Projected P&L Statement:

Revenues: $400,000
Expenses:
Wages and benefits: $220,000
Rent: $5,000
Depreciation: $30,000
Utilities: $2,500
Medical supplies: $50,000
Administrative supplies: $10,000
Total Expenses: $317,500
Pre-tax Profit: $82,500
Taxes: $24,750
Net Profit: $57,750

b. To calculate the number of visits required to break even, we need to divide the total fixed costs by the revenue per visit.

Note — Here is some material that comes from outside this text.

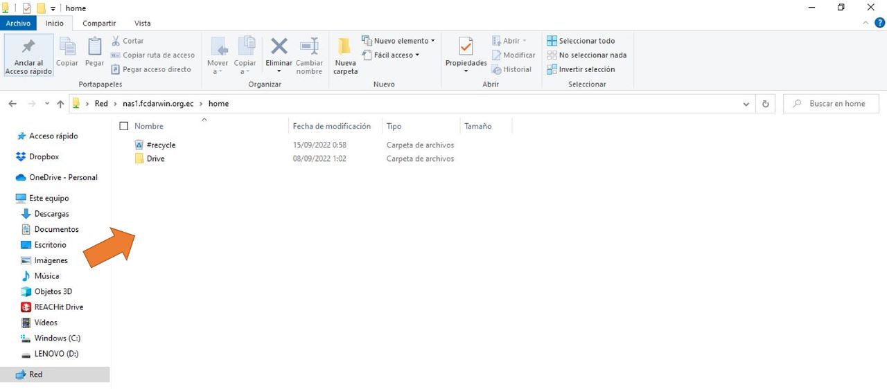 - Abre tu Explorador de Archivos y en Documentos, pega la siguiente ruta \\nas1.fcdarwin.org.ec\home y dale ENTER.

Fixed Costs: Wages and benefits + Rent + Depreciation + Utilities + Administrative supplies
Fixed Costs = $220,000 + $5,000 + $30,000 + $2,500 + $10,000 = $267,500

Revenue per Visit: Revenues / Number of Visits
Revenue per Visit = $400,000 / 10,000 = $40

Break-even visits = Fixed Costs / Revenue per Visit = $267,500 / $40 = 6,687.5

Therefore, the number of visits required to break even is approximately 6,688.

c. To calculate the number of visits required to provide an after-tax profit of $100,000, we need to adjust the target profit for taxes and divide it by the revenue per visit.

Target Profit after Tax: $100,000 / (1 - Tax Rate)
Target Profit after Tax = $100,000 / (1 - 0.30) = $100,000 / 0.70 = $142,857.14

Profit per Visit (before taxes): Target Profit after Tax / Number of Visits
Profit per Visit = $142,857.14 / 10,000 = $14.29

Break-even visits for after-tax profit = Fixed Costs / (Revenue per Visit - Profit per Visit)
Break-even visits = $267,500 / ($40 - $14.29) = $267,500 / $25.71 = 10,408.88

Therefore, the number of visits required to provide an after-tax profit of $100,000 is approximately 10,409.